Pramono Anung Wibowo, Gubernur Jakarta, menyampaikan kekhawatirannya terhadap fenomena tawuran yang sering muncul di media sosial. Menurutnya, beberapa kasus tawuran sengaja dibuat untuk konten dan disebarluaskan agar viral. Hal ini didasarkan pada laporan dari Satuan Polisi Pamong Praja (Satpol PP) yang menemukan adanya pihak-pihak tertentu yang memanfaatkan tawuran sebagai bahan konten.
“Persoalan tawuran ini masih sering terjadi. Kami menduga ada beberapa tawuran yang sengaja dibuat untuk konten dan dibagikan di media sosial,” ujar Pramono dalam pernyataannya.

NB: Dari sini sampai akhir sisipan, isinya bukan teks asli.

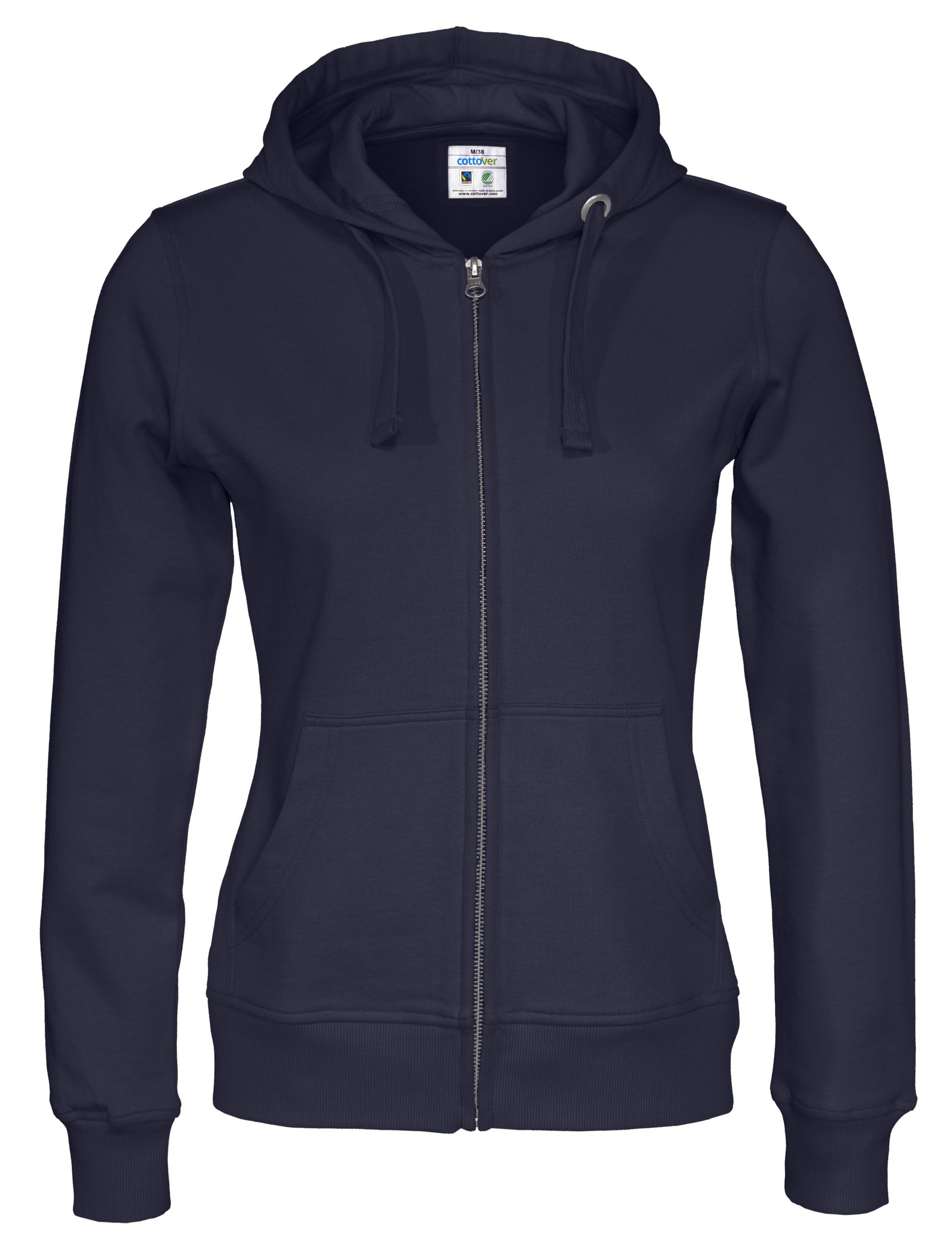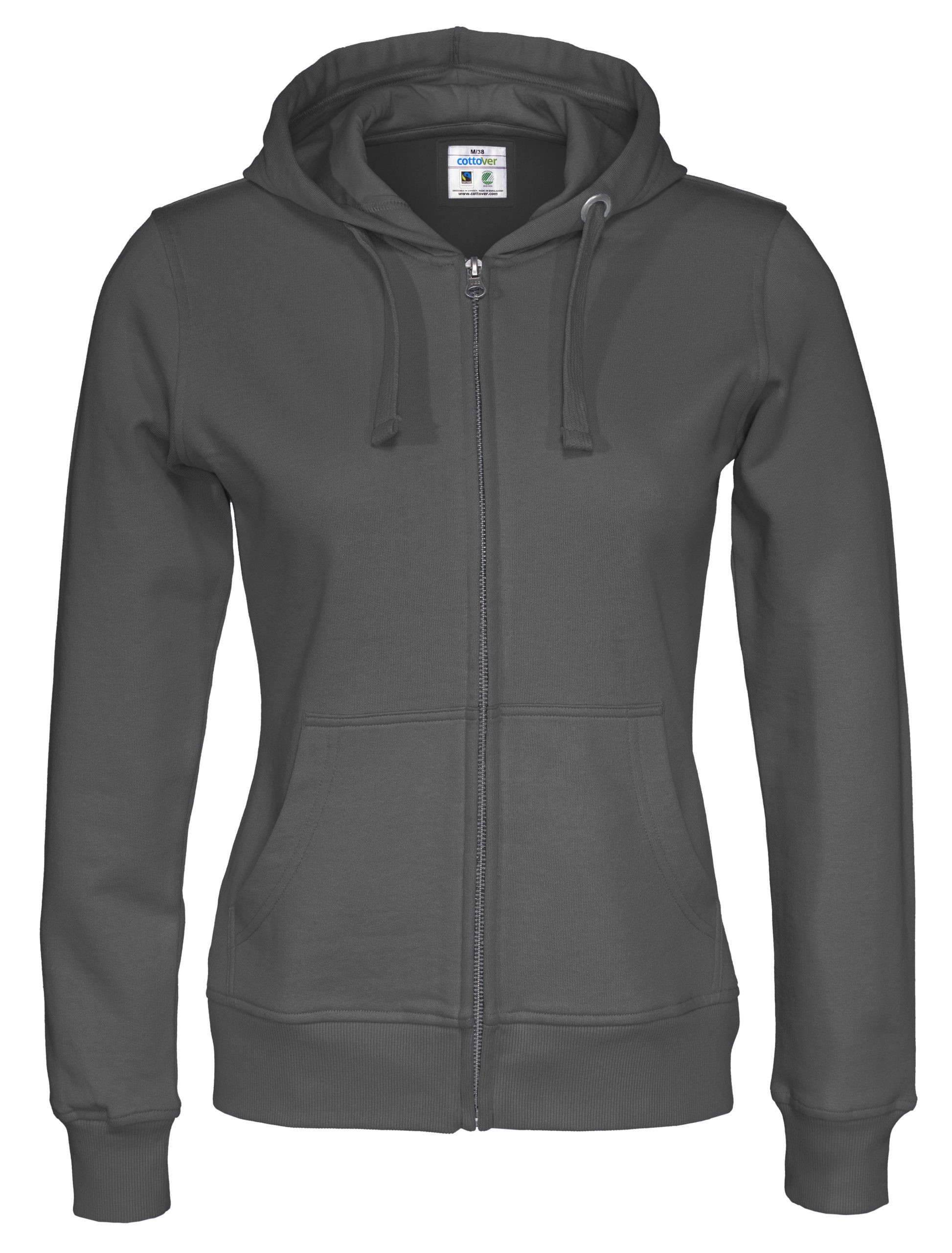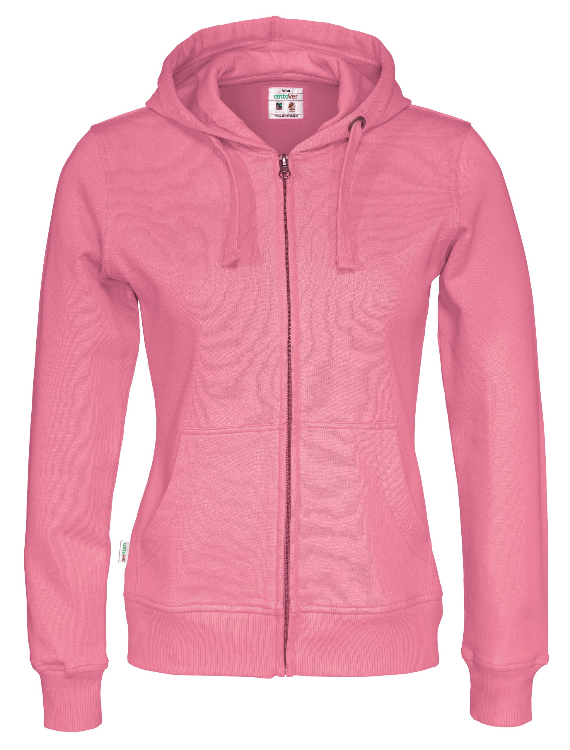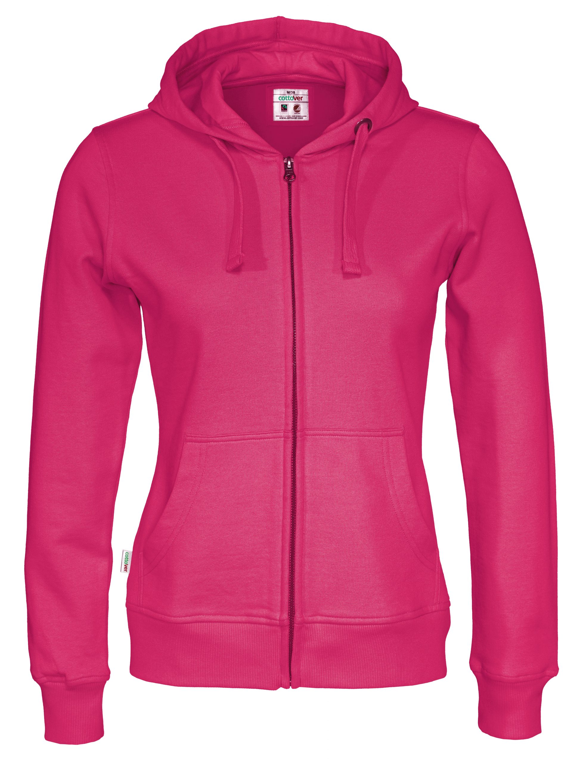 Naisten ekologinen vetoketjuhuppari upeissa väreissä. 80% Reilunkaupan luomupuuvillaa, 20% kierrätettyä polyesteriä

Ia menekankan bahwa tawuran yang viral di media sosial bisa berdampak buruk bagi masyarakat. Oleh karena itu, ia meminta Satpol PP dan aparat penegak hukum untuk segera mengidentifikasi dan menindak siapa pun yang terlibat dalam membuat konten tersebut.
“Kami meminta Satpol PP dan aparat hukum untuk mencari pihak-pihak yang terlibat dalam pembuatan konten tawuran. Mereka harus diambil tindakan sesuai aturan yang berlaku,” kata Pramono.
Dari sudut pandang psikolog, Vera Itabiliana Hadiwidjojo, psikolog klinis anak dan remaja dari Lembaga Psikologi Terapan Universitas Indonesia (UI), menjelaskan peran media sosial dalam menarik minat remaja. Media sosial menjadi alat yang dapat memenuhi kebutuhan mereka akan sensasi, pengakuan, serta kesan berani dan keren.
“Remaja cenderung ingin dianggap berani dan menjadi pusat perhatian. Media sosial memberi ruang bagi mereka untuk mengekspresikan diri dan mendapatkan perhatian banyak orang,” jelas Vera.
Menurutnya, ada dua faktor utama yang mendorong remaja melakukan tawuran: internal dan eksternal. Faktor internal melibatkan perkembangan otak yang belum optimal, sehingga mereka sulit mempertimbangkan konsekuensi jangka panjang. Selain itu, emosi mereka lebih mendominasi dalam pengambilan keputusan.
“Remaja juga ingin merasa diterima oleh kelompok. Jika mereka merasa menjadi bagian dari suatu kelompok, maka mereka cenderung mengikuti nilai-nilai kelompok tersebut, termasuk jika nilai tersebut bersifat kekerasan,” tambah Vera.
Sementara itu, faktor eksternal meliputi lingkungan dan tradisi. Sekolah yang dekat dengan lingkungan berisiko seperti pasar, terminal, atau tempat tongkrongan geng dapat memicu tawuran. Selain itu, kurangnya pengamanan dan tidak adanya wadah yang dapat menyalurkan energi remaja juga menjadi penyebab.
Vera menyarankan perlunya intervensi dari berbagai pihak, seperti keluarga, sekolah, dan pemerintah, untuk membantu remaja menemukan cara yang lebih positif dalam mengekspresikan diri dan menghindari tawuran.